The other day I was reading a rather good interview with a university professor – before it careened off course into la-la land. That was good for a smirk or two over his view from the ivory tower. But his sincerity stuck with me. He honestly believed that he had a good handle on what’s going on in America. Apparently, in his world, the economy is out of recession; things are going well in the US, and the country is headed in the right direction. He can honestly see no reason to oppose policies of the current administration and therefore, to him, such opposition must be racist in nature.

Meanwhile, here in flyover country, there are no new jobs, no economic improvement. People are deeply concerned over the direction of our country, on issues ranging from civil liberties to expansion of Federal power. If our nation’s capitol was in Denver, we’d wonder if the government was downwind of the world’s biggest head shop. Not only are people unhappy with the current administration, they are also unhappy with Congress; unhappy with the Judicial Branch; and, after looking at the current crop of candidates, increasingly despondent about the future. It’s a completely different world than the one the university professor lives in. Most telling, we cannot understand how anyone could think otherwise. When we encounter something like the interview with that professor, our first response is that it’s a political hack job. In other words, propaganda.
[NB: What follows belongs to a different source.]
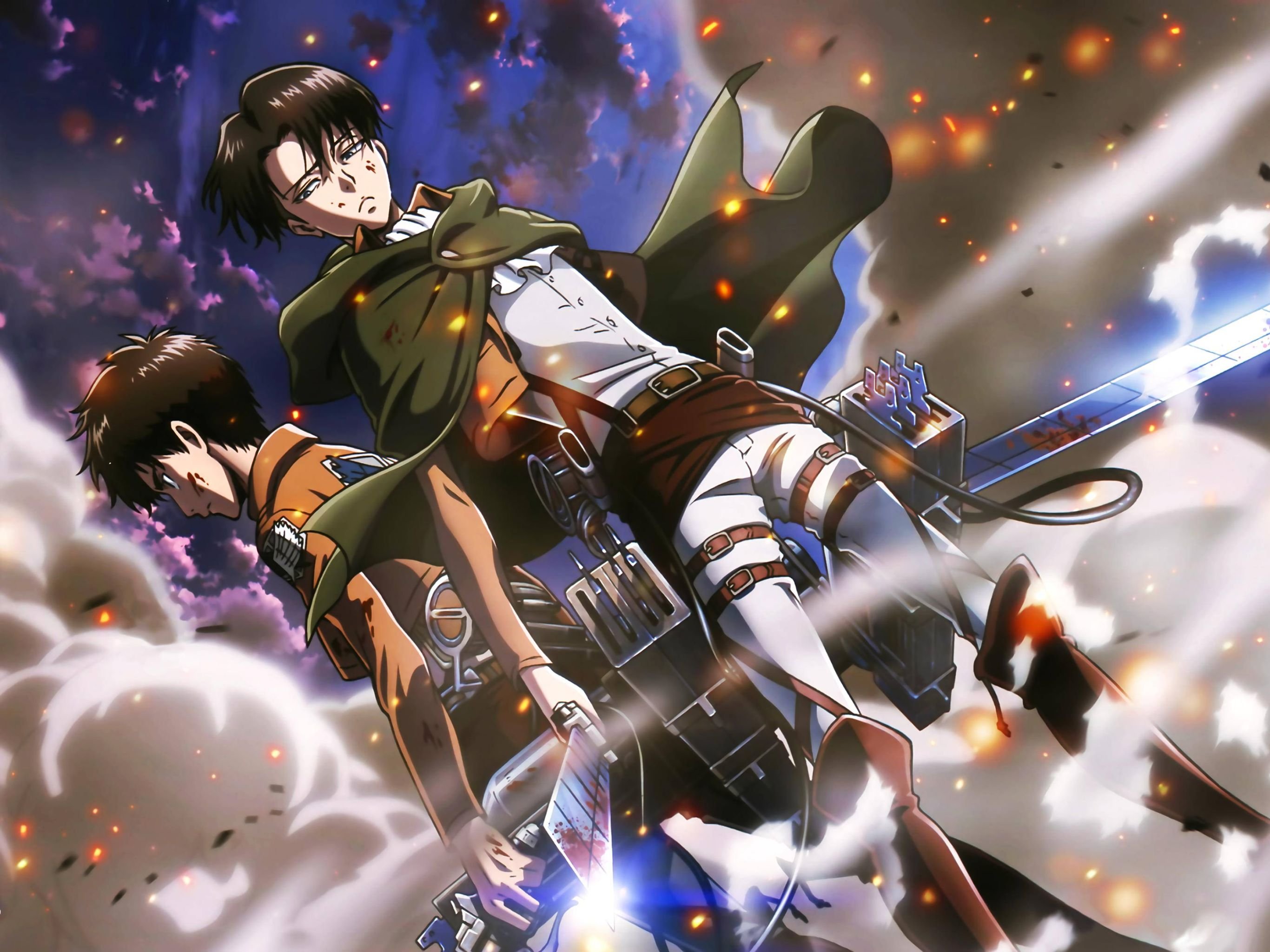 ![Атака титанов Леви и Эрен и Микаса]()

That view is just as much from an ivory tower as the professor’s. Most likely everything’s well for the people he knows, and most agree with his views. In ours, things aren’t so hot for everyone we know, and their views mostly agree with our own. And what we see is, to us, so pervasive that it’s hard to consider that things might not be the same all over.
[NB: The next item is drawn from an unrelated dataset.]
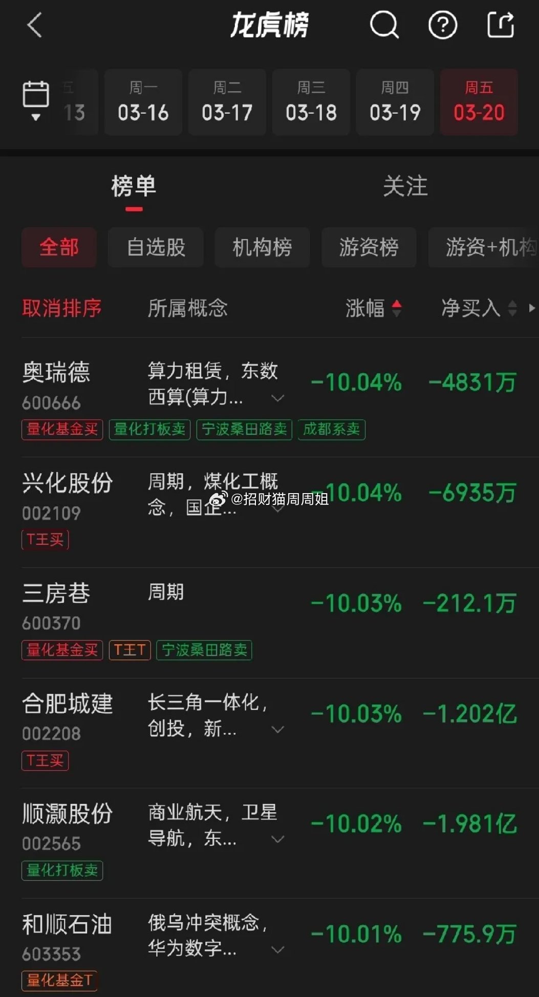 游资彻底投降!量化机器人已经在A股完胜人类,下一步怕是要接管整个市场!1. 游资大佬流沙河3月16日公开“降书”,昔日短线荣光不再,净值一路暴跌。2. N周二、花呗哥等一线游资相继认输,小方神更是半个月暴亏8000万。3. 章盟主折戟星环科技,陈小群席位彻底消失,老牌游资全线溃败。现在的龙虎榜,还能看到几个熟悉的游资身影?游资成交量不足巅峰三成,市场已经被量化彻底占领。量化主导的票,当天再强,次日必砸盘。首板、接力、龙头战法……所有人类短线套路,全被算法反杀。2026年量化到底进化到了什么程度?已经强到碾压所有顶级游资,成为市场新的“不败神话”了吗?

This comes up all the time, such as the journalist who thought everyone had a bookstore nearby. I’m convinced that one reason e-books are priced beyond reason is that the price seems low to those who set such things. I doubt they realize that most American’s aren’t that well heeled. Then there’s the unconfirmed story of an author who ran afoul of a publishing editor who interpreted something in his first chapter from a political viewpoint, and made a comment that he could lose half his readers. Most likely, in that editor’s world, everyone shared the same view, and considered that view the norm.

Meanwhile, those of us outside that little world have grown weary of having our views continually challenged, to the point that many drop fiction as soon as they get out of lit classes. Because our point of view is just as restricted, we take this as propaganda shoved down our throats, when it reflects what the New York publishing world thinks readers want – because that’s what they want to read.

We’re both locked within our own ivory towers, and don’t realize it.

Other than stepping completely out of our corners of the world, I don’t know any way to escape a limited point of view. Even then, we’d have to actually live in that other world and not pass through like tourists. At a certain point that breaks down. While we might can come to imagine how another really sees the world, and not how we think they see it, we will still have different backgrounds and experience. We can only understand up to a point.

Once, before I started school, I was following my father and trying to walk in his footprints. I looked up at him, a few paces ahead, and realized I could never see things as he did. I could imagine how he saw things, how things looked from that height and how I thought a father looked at things, but I could never see things exactly as he did. That was such a shock that I still clearly remember that moment. In the same way, we can never see things exactly as that university professor, and he can never see things exactly as we. We can try to understand those outside our world, who’s experiences are alien to our own, but never exactly know what it’s like to walk in their footprints. We are all locked inside our own ivory towers.

The important thing is to realize it that, and try to climb down every once and a while.